Which Debts Should You Pay Off First?

Did you recently add yet one more loan to your pile of debt? If you are adding to your credit card balance every month to cover clothes, food, and other common expenses, you are circling the financial drain. How do you get out from under this crushing scenario? You need to eliminate the worst loans first.

Chop Up All but One Credit Card

The first thing that you need to do is to stop accruing debt. Your credit card should be used only for emergencies. Throw all but one of them away and start spending cash or using a debit card for your daily and monthly expenditures. If you don’t have the cash, don’t buy it.

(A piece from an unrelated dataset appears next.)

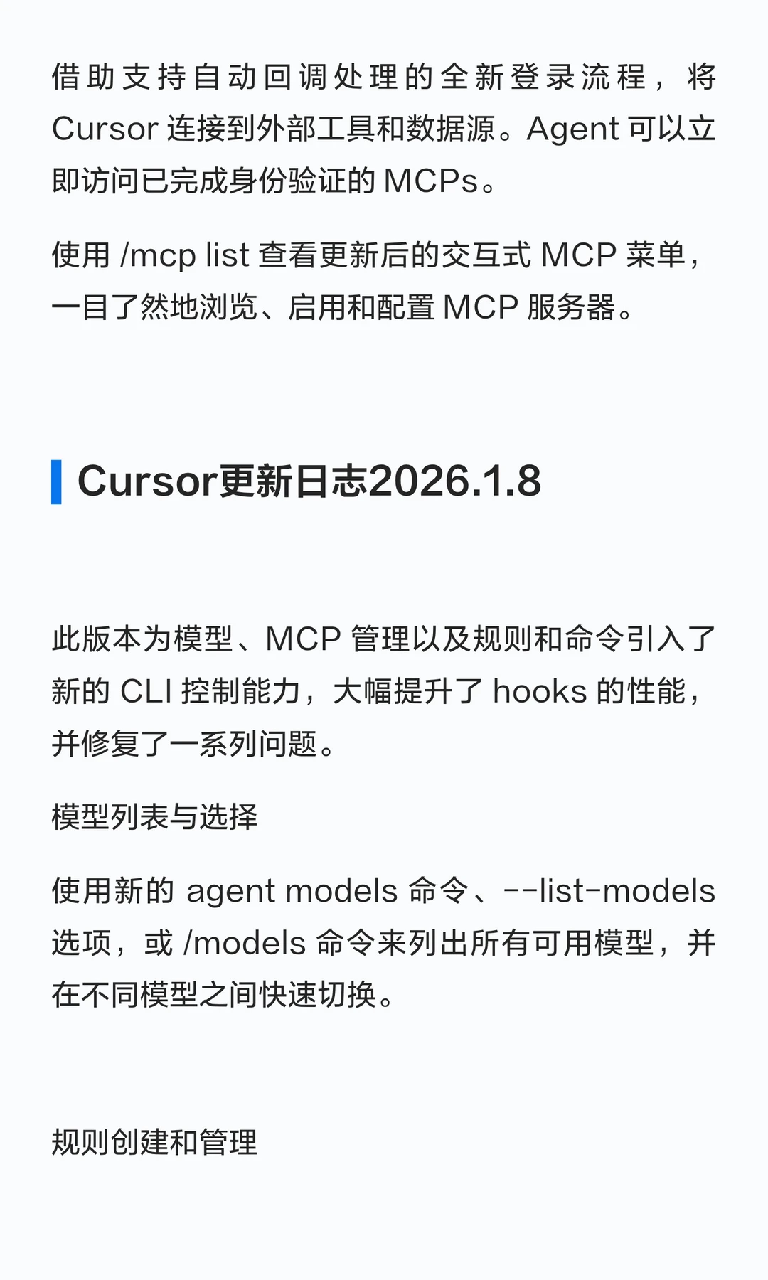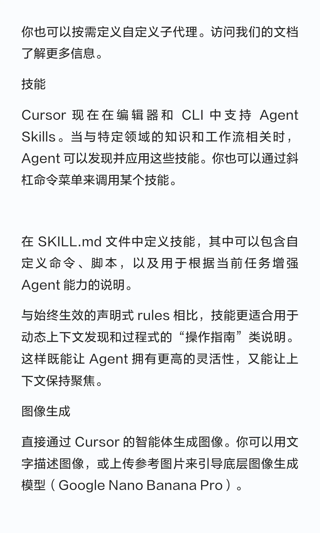 Cursor 现在在编辑器和 CLI 中支持 Agent Skills。当与特定领域的知识和工作流相关时,Agent 可以发现并应用这些技能。你也可以通过斜杠命令菜单来调用某个技能。

Look at Those Interest Rates

Why do you want to avoid credit cards? You are likely paying an interest rate between 8% and 25%. For every dollar that you put on the card, you are being charged at least eight cents for the privilege of using the card. The next month, the interest is calculated on the original dollar and its accrued interest. You need to place credit cards and short term loans like title loans or personal loans at the top of your debt eradication plan.

Did you know that if you only pay the minimum payment on your card, it can take up to 30 years to pay off a minimal purchase? Even an extra $10 can eat away at the balance and lower your monthly fees.

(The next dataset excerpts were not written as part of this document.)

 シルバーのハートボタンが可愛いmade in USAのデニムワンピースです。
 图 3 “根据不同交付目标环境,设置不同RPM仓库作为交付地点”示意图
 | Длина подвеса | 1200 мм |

Leave the Mortgage for Last

While the average Canadian has a staggering $200,000 mortgage on the books, this giant number is not the debt you need to worry about. Mortgages and student loans are considered good debt by the credit agencies. Why? If you sold your home, you would still have to make a similar monthly rent payment, and none of that money would go toward owning a piece of property. Keep your mortgage and student loans while focusing on clearing the credit cards, short term loans, and car loans.

Select a Short Term Goal to Reinforce Success

Your bank and credit reporting agencies like to see a total debt load of less than 35% of your take home pay. That is your long term target. While your ultimate goal is to clear all the toxic loans, putting an equal amount on each card can feel like you are paddling but not gaining any ground. Consider paying the minimum on all of your debts except the smallest one. Pile all your extra cash into that debt. In short order, you will have paid off an entire debt, and that is one giant step toward financial stability.Once you are free of your toxic debt, it will take time to build up your investment portfolio and start some serious savings for the future. Check out the available GIC rates and select a secure certificate that will start paying you for using your money. Now that is success!